* [PROMPT]
When the string "こうべハーベスト" is part of a line below, that line should be copied.

* [EXTRACTED MATERIAL]
————

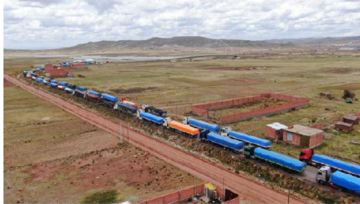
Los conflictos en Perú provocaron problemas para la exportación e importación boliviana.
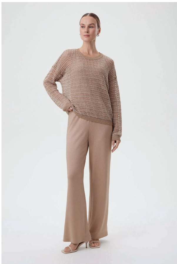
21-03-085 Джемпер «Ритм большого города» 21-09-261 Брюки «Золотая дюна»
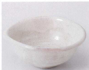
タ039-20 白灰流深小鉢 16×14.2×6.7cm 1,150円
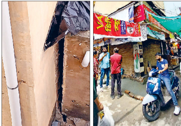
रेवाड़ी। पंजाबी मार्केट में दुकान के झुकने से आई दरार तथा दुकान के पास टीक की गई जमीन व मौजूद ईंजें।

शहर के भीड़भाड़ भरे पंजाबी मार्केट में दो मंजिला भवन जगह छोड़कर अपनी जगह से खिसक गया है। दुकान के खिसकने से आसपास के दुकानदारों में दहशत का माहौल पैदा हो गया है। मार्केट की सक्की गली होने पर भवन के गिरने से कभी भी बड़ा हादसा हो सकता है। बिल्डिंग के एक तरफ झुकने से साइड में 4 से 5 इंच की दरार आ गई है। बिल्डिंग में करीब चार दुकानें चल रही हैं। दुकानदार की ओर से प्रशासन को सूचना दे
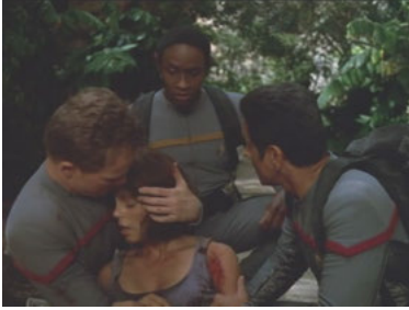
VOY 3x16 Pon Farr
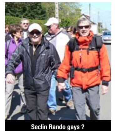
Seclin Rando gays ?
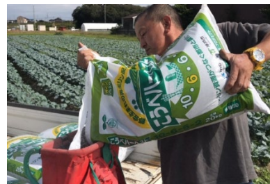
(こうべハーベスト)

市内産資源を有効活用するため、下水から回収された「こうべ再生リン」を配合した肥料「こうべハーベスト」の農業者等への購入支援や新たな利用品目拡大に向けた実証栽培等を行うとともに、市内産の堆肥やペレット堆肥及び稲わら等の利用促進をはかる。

————

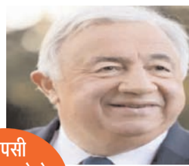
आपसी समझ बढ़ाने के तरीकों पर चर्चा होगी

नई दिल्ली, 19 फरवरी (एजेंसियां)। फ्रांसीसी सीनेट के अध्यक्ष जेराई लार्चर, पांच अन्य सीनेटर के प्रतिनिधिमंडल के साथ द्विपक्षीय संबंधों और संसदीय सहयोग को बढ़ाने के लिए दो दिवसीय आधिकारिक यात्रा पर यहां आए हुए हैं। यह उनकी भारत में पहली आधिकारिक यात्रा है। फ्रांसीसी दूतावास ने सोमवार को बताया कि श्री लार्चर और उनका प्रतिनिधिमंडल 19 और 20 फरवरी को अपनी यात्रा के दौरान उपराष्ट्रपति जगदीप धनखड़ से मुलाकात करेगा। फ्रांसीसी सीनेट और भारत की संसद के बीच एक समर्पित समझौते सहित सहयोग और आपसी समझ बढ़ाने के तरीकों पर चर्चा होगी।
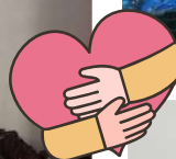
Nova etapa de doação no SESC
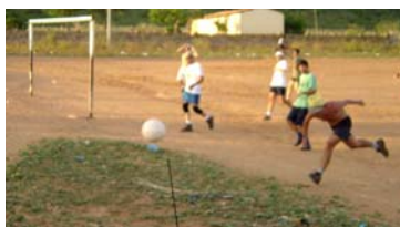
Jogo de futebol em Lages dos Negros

————

* [RESPONSE TO THIS TASK]
(こうべハーベスト)
市内産資源を有効活用するため、下水から回収された「こうべ再生リン」を配合した肥料「こうべハーベスト」の農業者等への購入支援や新たな利用品目拡大に向けた実証栽培等を行うとともに、市内産の堆肥やペレット堆肥及び稲わら等の利用促進をはかる。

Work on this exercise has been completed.